Judith Morgan, Ph.D.
University of Pittsburg
As my readers surely know, the nature-nurture debate in science
continues unabated. Especially in psychiatry. When it comes to certain
repetitive emotional reactions shown by a given individual, many in the field
prefer to believe that the individual was just born that way. The truth, as
described in Robert Sopolsky excellent book Behave,
is that we have hundreds or even
thousands of genes that make certain behaviors either a little more or a little
less likely. No complex human behavior is determined entirely by a gene or group
of genes. We are also strongly programmed to tend to react in certain ways to
the behavior of our kin group, although we can still make the difficult choice not
to once we reach a certain age.
There is without a doubt a strong genetic component to true
brain diseases like Major Depressive Disorder or schizophrenia, but the situation
for other emotional reaction patterns is that they, IMO, are far more affected
by the family environment than by any specific genes.

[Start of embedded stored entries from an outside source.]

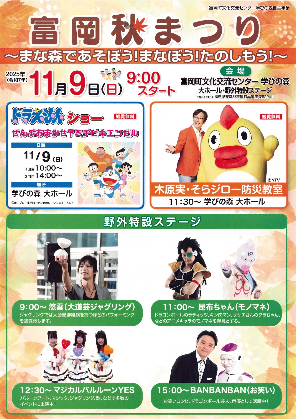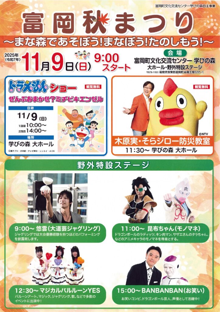 また、まな森であそぼう!では、ドラえもんショーや木原実・そらジロー防災教室・野外特設」ステージも開催されます。
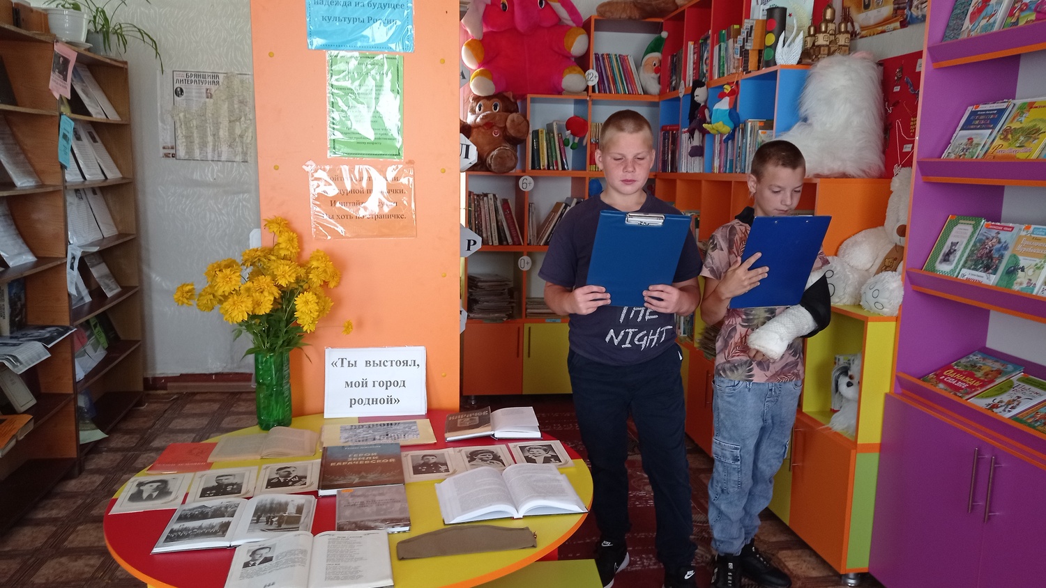 На мероприятии ребята узнали о том, какой ценою был освобождён наш город, прочли стихотворения поэтов-земляков: Зои Ионочкиной «Карачев», «Что для нас Россия значит?» Сергея Соколова «Мой город», Александра Мехедова «Древний город Карачев».Библиотекарь также провела обзор у книжной выставки «Ты выстоял, мой город родной», на которой экспонировались краеведческие книги, фото военной хроники освобождения г. Карачева.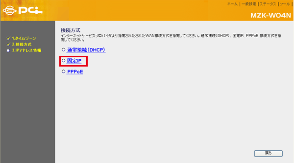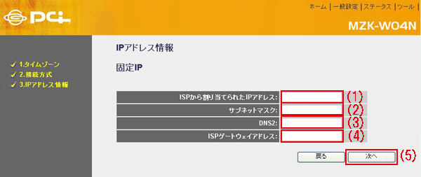 (1)プロバイダから指定されたIPアドレスを入力します。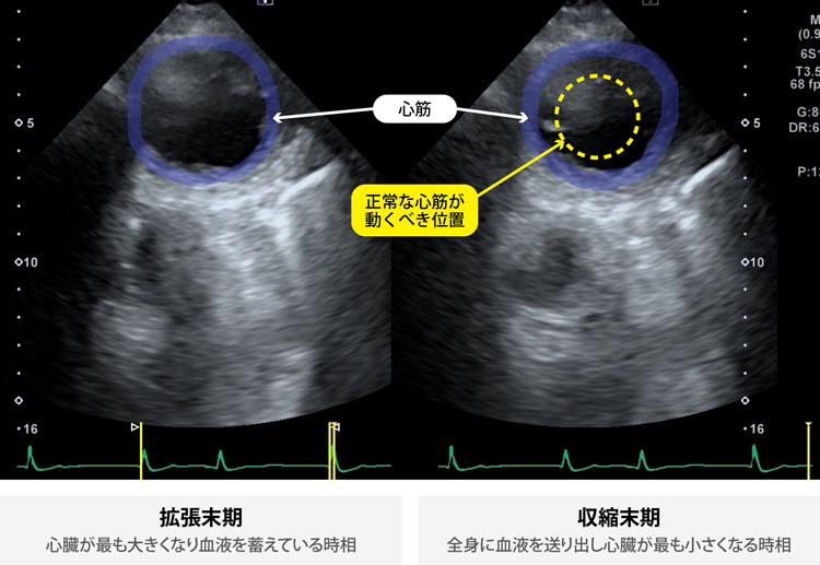 心臓サイズの計測をしたり、心臓がどの程度動いているか、弁の逆流や通過障害が起こっていないかを調べる検査です。心筋梗塞では心臓の動きが特徴的に悪くなります。心筋梗塞を疑う症状が出たときには、すぐに心臓の動きを確認することは重要です。心臓には四つの部屋があり、逆流を防止するために四つの弁があります。この弁が閉まらなかったり、開きにくくなると息切れや失神などが起こることがあります。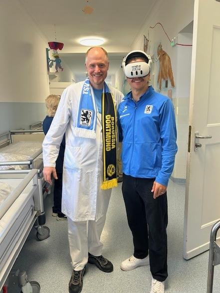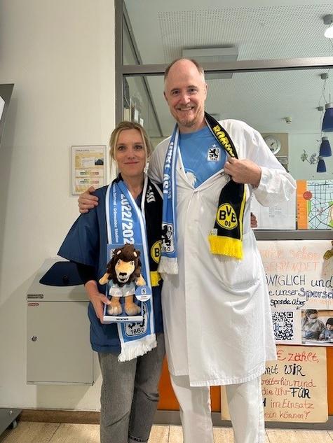 Es war wieder so weit. Ein Team des TSV 1860 München war bei uns zu Besuch, um Kinder, Eltern und Mitarbeiter zu erfreuen. Auch unser geschäftsführender Oberarzt war wieder begeistert, schlägt in seiner Brust doch neben dem Herz für den TSV das Herz für den BVB.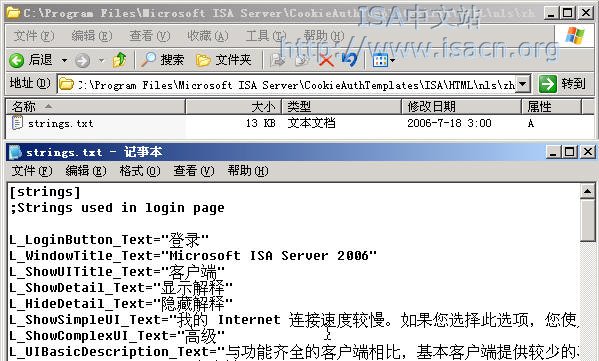 因此,当使用不同语言的用户登录时,ISA Server 只需要根据不同语言的 Strings.txt 替换对应的字段即可 。英文版的 Strings.txt 保存在和 HTML 源文件相同的目录中,而其他语言的 Strings.txt 保存在 nls 目录的对应子目录中,如下图所示,中文版的 Strings.txt 存放目录及内容。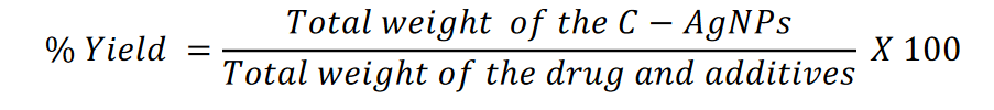 Following a 2 ml ethanol dilution, pure CuR, AgNPs, and C-AgNPs equivalent to the weight of CuR were sonicated. Double-distilled water was used for further dilutions, and UV absorbance was recorded. A standard calibration curve at a wavelength of 423 nm was used to quantify the drug content, and the material balance was computed in relation to that content [15]. The following formula was used to calculate the yield percentage based on the initial amount.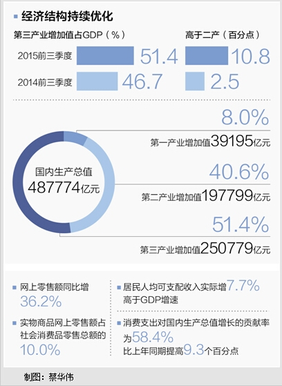 首先,产业结构的调整在继续推进,产业结构在继续优化,突出表现在服务业增长较快,产业结构由原来的工业主导向服务业主导转变的趋势更加明确。前三季度,第三产业增加值占国内生产总值的比重为51.4%,高于第二产业10.8个百分点。内需结构进一步改善。前三季度,最终消费支出对国内生产总值增长的贡献率为58.4%,比上年同期提高9.3个百分点。城乡居民收入差距进一步缩小。前三季度,农村居民人均可支配收入实际增长快于城镇居民人均可支配收入1.3个百分点,城乡居民人均收入倍差2.83,比上年同期缩小0.03。节能降耗继续取得新进展。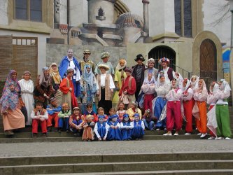 Zu Füßen der Heilig-Kreuz-Kirche, auf den breiten Stufen vor dem Kirchenportal, beginnen im Mai die Aufführungen des Kinderstücks, im Sommer stehen die Darbietungen des Erwachsenenstücks auf dem Programm.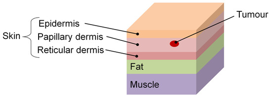 The most common modeling of the skin tissues used in the literature involves a five-layer structure consisting of the epidermis, papillary dermis, reticular dermis, fat layer, and muscle, as shown in Figure 7. One-dimensional (1D), two-dimensional (2D), or three-dimensional (3D) models based on the Pennes equation are encountered in the literature.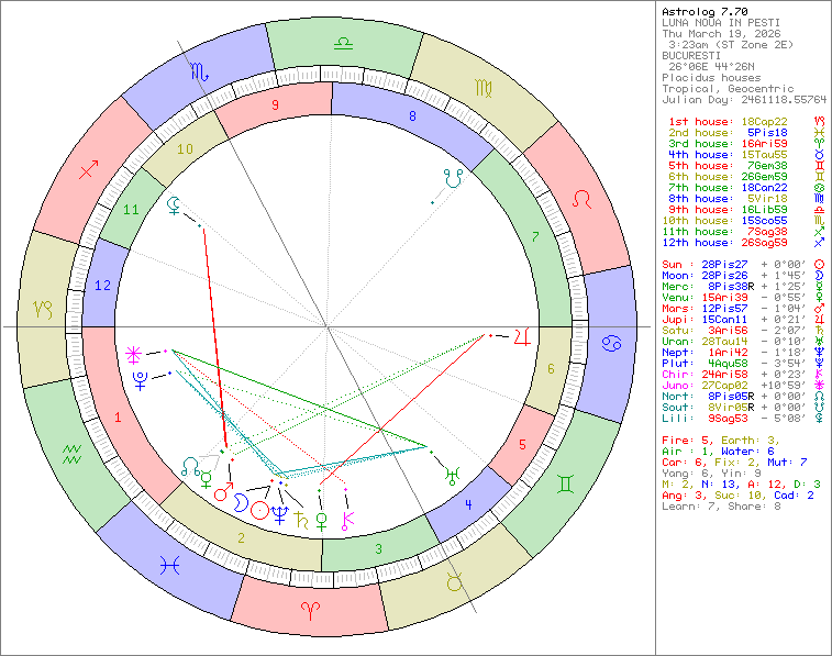 ASTROGRAMA MOMENTULUI DE LUNA NOUA DE PE 19.03.2026 ORA 3:23 AM

Some studies sure do point in this direction. For example, in a
recent study published in Biological Psychiatry: Cognitive Neuroscience
and Neuroimaging, Judith Morgan, Ph.D., recruited 49 children aged six to
eight without a history of psychiatric
illness. Half the kids' mothers had a history of clinical depression, and half had no
psychiatric history. To measure reward-related brain activity, children played
a video game in which they
guessed which of two doors contained a hidden token while they underwent
functional magnetic resonance imaging (fMRI).
Depression may disrupt parents' capacity for emotional
socialization, a process by which kids learn from their parents' reactions to
their emotional
responses. Positive socialization responses include
acknowledgment, imitation, and elaboration, whereas negative or emotionally
dampening parental responses may be dismissive, invalidating, or punitive.
Mothers participating in the study completed an extensive
questionnaire designed to measure parental emotional socialization by
presenting a dozen situational vignettes of children's displays of positive
emotions and collecting parents' reactions to them. Children with a maternal
history of depression were more likely to have reduced reward-related activity
in a part of their brains that handles this, but only if their mothers reported
less enthusiastic and more dampening responses to their children's positive
emotions, the researchers found.
"In our study, mothers' own history of depression by itself
was not related to altered brain responses to reward in early school-age
children," said Dr. Morgan. "Instead, this history had an influence
on children's brain responses only in combination with mothers' parenting
behavior, such as the ability to acknowledge, imitate, or elaborate on their
child's positive emotions."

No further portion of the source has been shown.